Action item
Print out the data exactly, keeping every image out of it.
Segment Start: Data shown
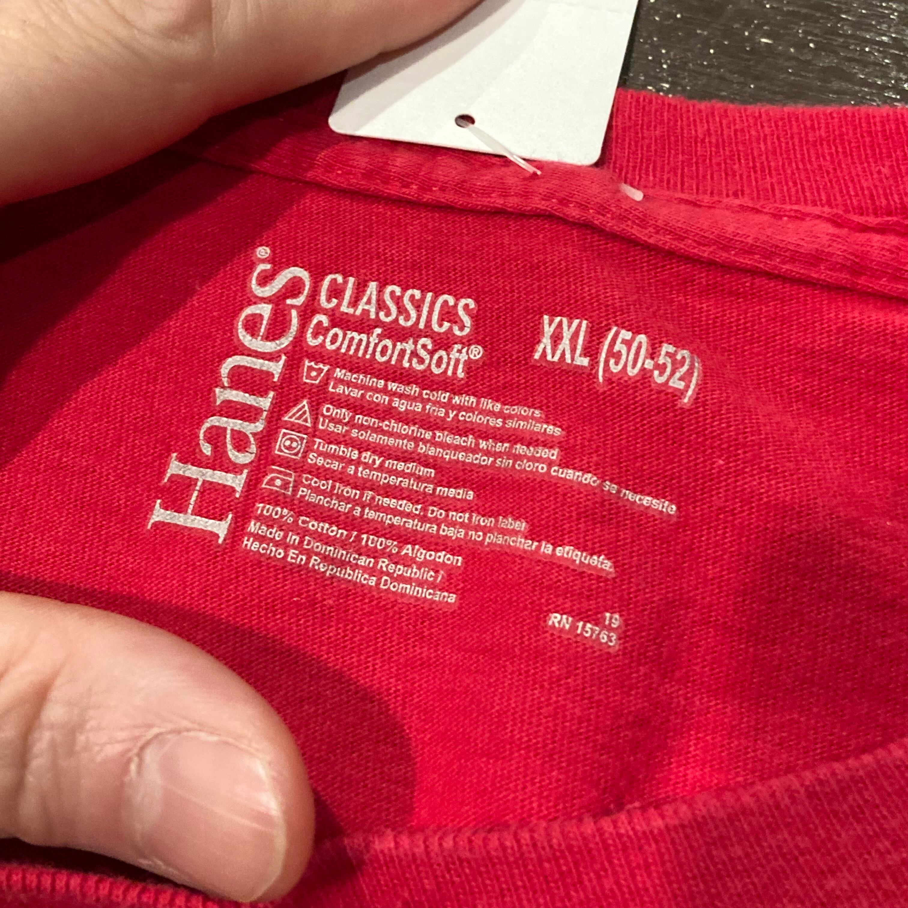 USA古着 Hane's ビッグシルエット 半袖T ポケットT 無地 赤 2XL ビッグサイズ ルーズシルエット Tシャツ
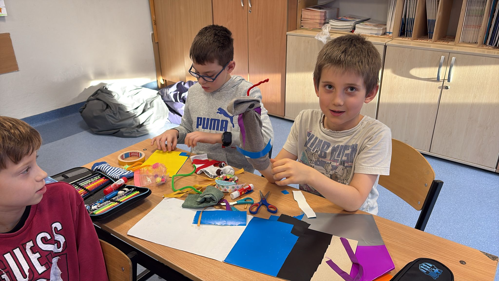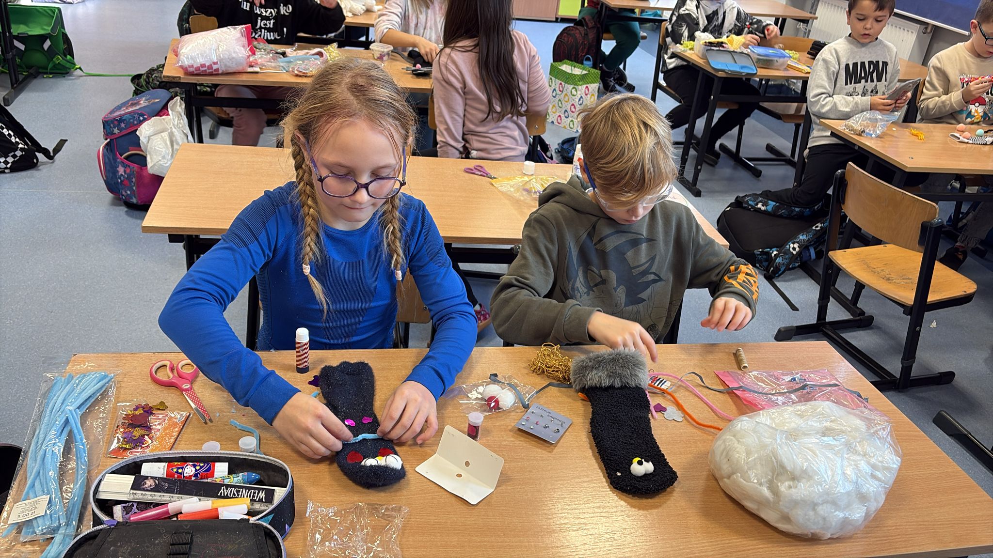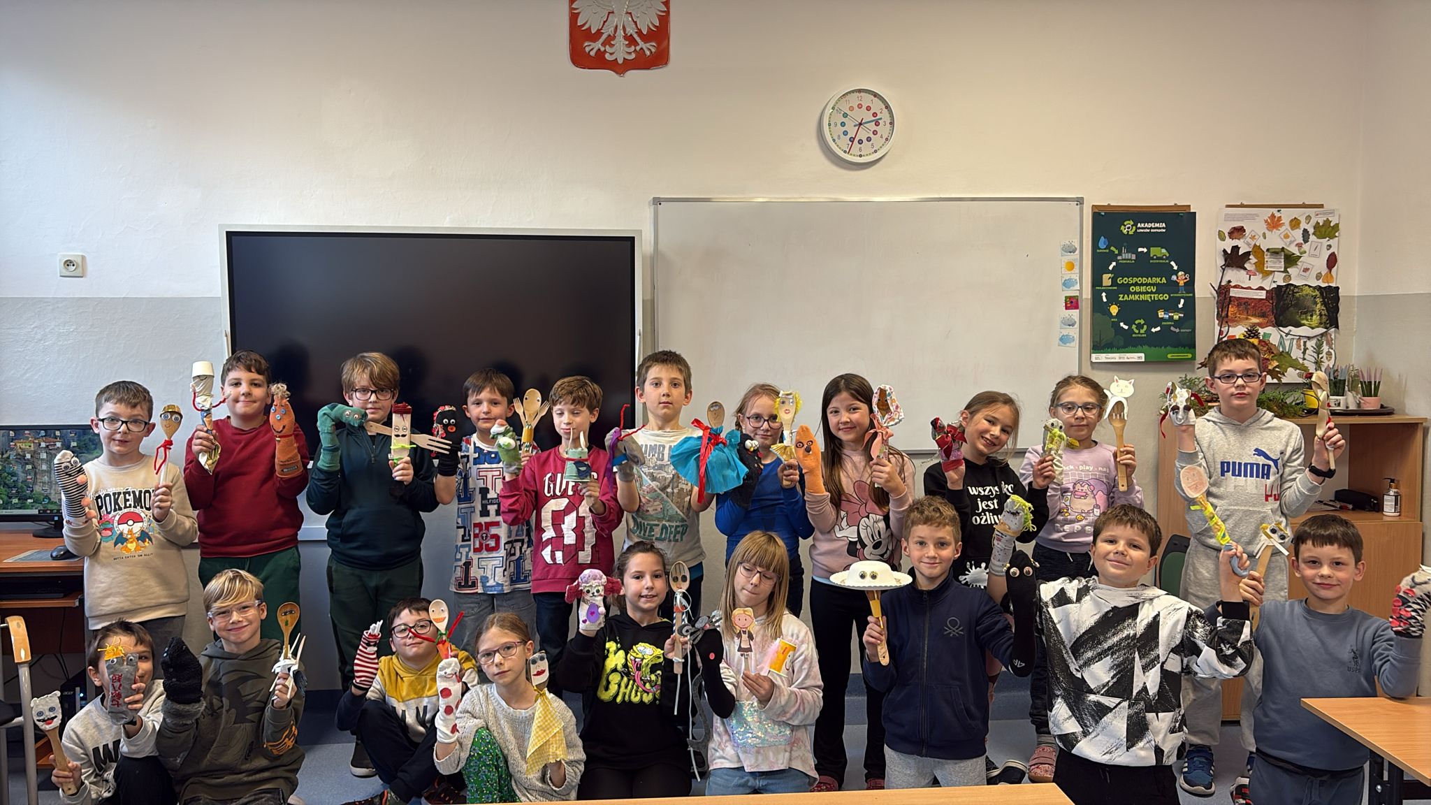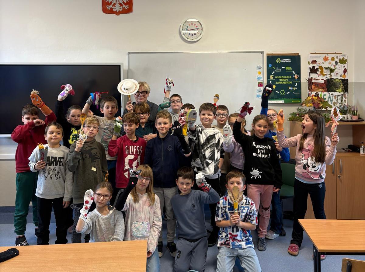 Klasa IIc przeniosła się w świat „Niesamowitych przygód dziesięciu skarpetek” Justyny Bednarek! Zamiast zwykłego omawiania książki – powstały pacynki i kukiełki ze skarpetek, a potem mini-scenki pełne humoru i wyobraźni. Było twórczo, głośno i bardzo skarpetkowo!
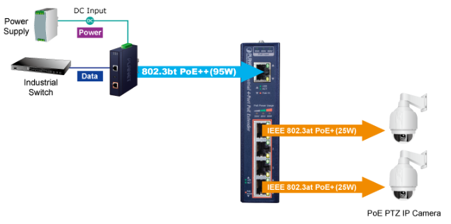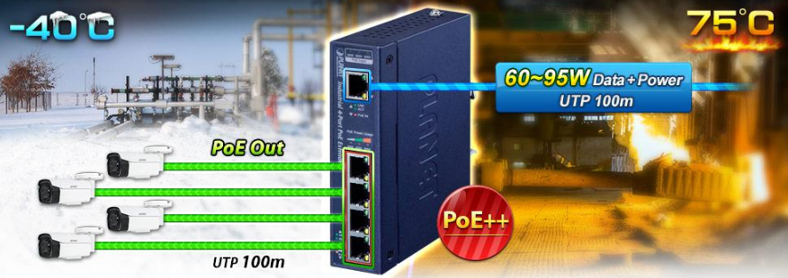 Det er en industriell 1-Port 802.3bt PoE++ til 4-Port 802.3af/at Gigabit PoE Extender designet spesielt for punkt til flerpunkts PoE-applikasjon. Man kan oppnå maksimalt 95 watt PoE-effekt fra 802.3bt PoE++-inngangsport og leverer et maksimalt 75-watts PoE-strømbudsjett til 4 PoE-utganger, noe som utvider både rekkevidden av Gigabit Ethernet-data og IEEE 802.3at Power over Ethernet utover standard 100 m (328 fot) Kat. 5/5e/6 UTP-kabel for 200m hvor opptil 4 strømdrevne enheter (PD-er) kan strømforsynes samtidig. Det er en enkel løsning for å legge til PoE-porter uten å kjøre flere kabler og oppnår mer fleksible nettverksapplikasjoner uten å kreve en ekstern strømadapter.
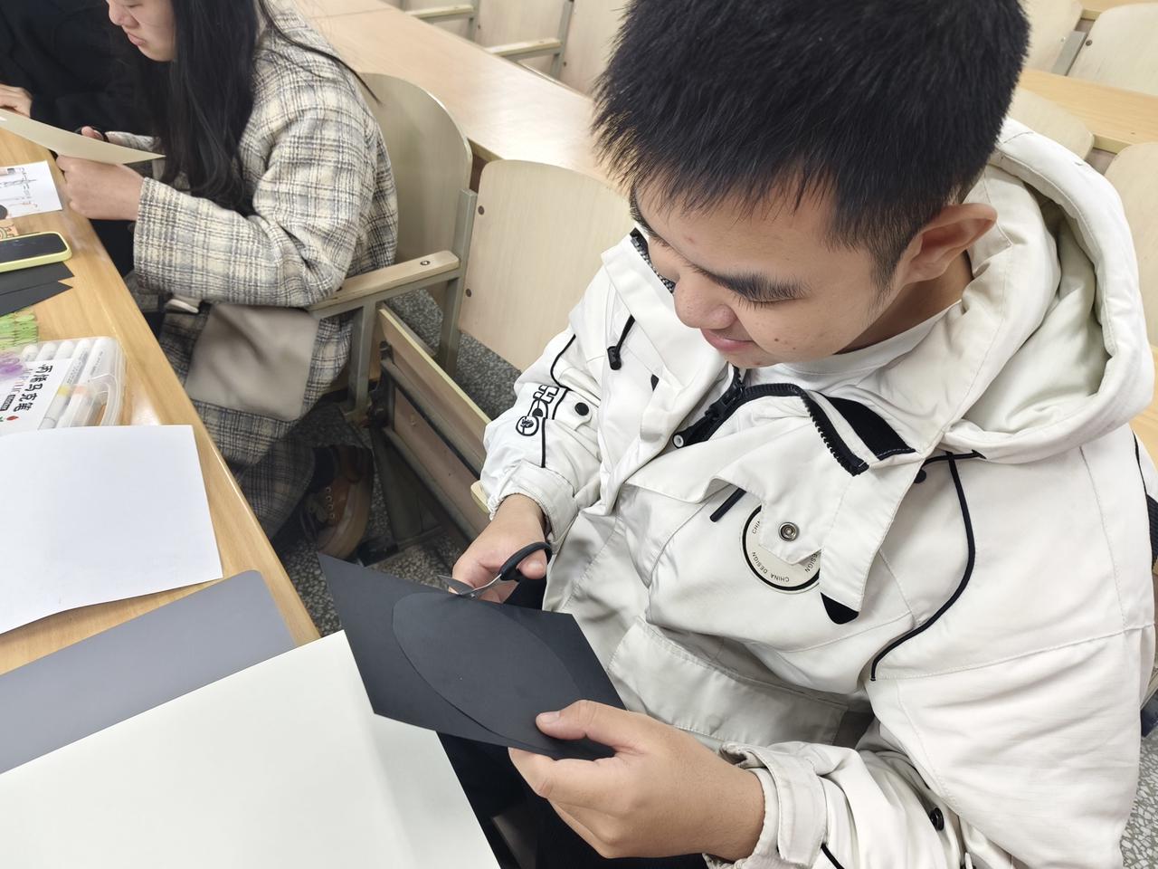 活动伊始,主讲人为同学们分发黑白卡纸、剪刀、丙烯马克笔、贴纸等制作材料。活动过程中,主讲人从选材对象、设计思路、制作小技巧等多个方面,为同学们详细讲解了“黑胶唱片”的制作流程与方法。讲解结束后,同学们立即投入到自由创作环节中。制作过程中,同学们积极发散思维,从各种音乐海报中汲取灵感,进而迸发出独特的创意,最终成功创作出了精美的各式“黑胶唱片”。
Segment End: Data shown
Problem solution
 USA古着 Hane's ビッグシルエット 半袖T ポケットT 無地 赤 2XL ビッグサイズ ルーズシルエット Tシャツ
 Klasa IIc przeniosła się w świat „Niesamowitych przygód dziesięciu skarpetek” Justyny Bednarek! Zamiast zwykłego omawiania książki – powstały pacynki i kukiełki ze skarpetek, a potem mini-scenki pełne humoru i wyobraźni. Było twórczo, głośno i bardzo skarpetkowo!
 Det er en industriell 1-Port 802.3bt PoE++ til 4-Port 802.3af/at Gigabit PoE Extender designet spesielt for punkt til flerpunkts PoE-applikasjon. Man kan oppnå maksimalt 95 watt PoE-effekt fra 802.3bt PoE++-inngangsport og leverer et maksimalt 75-watts PoE-strømbudsjett til 4 PoE-utganger, noe som utvider både rekkevidden av Gigabit Ethernet-data og IEEE 802.3at Power over Ethernet utover standard 100 m (328 fot) Kat. 5/5e/6 UTP-kabel for 200m hvor opptil 4 strømdrevne enheter (PD-er) kan strømforsynes samtidig. Det er en enkel løsning for å legge til PoE-porter uten å kjøre flere kabler og oppnår mer fleksible nettverksapplikasjoner uten å kreve en ekstern strømadapter.
 活动伊始,主讲人为同学们分发黑白卡纸、剪刀、丙烯马克笔、贴纸等制作材料。活动过程中,主讲人从选材对象、设计思路、制作小技巧等多个方面,为同学们详细讲解了“黑胶唱片”的制作流程与方法。讲解结束后,同学们立即投入到自由创作环节中。制作过程中,同学们积极发散思维,从各种音乐海报中汲取灵感,进而迸发出独特的创意,最终成功创作出了精美的各式“黑胶唱片”。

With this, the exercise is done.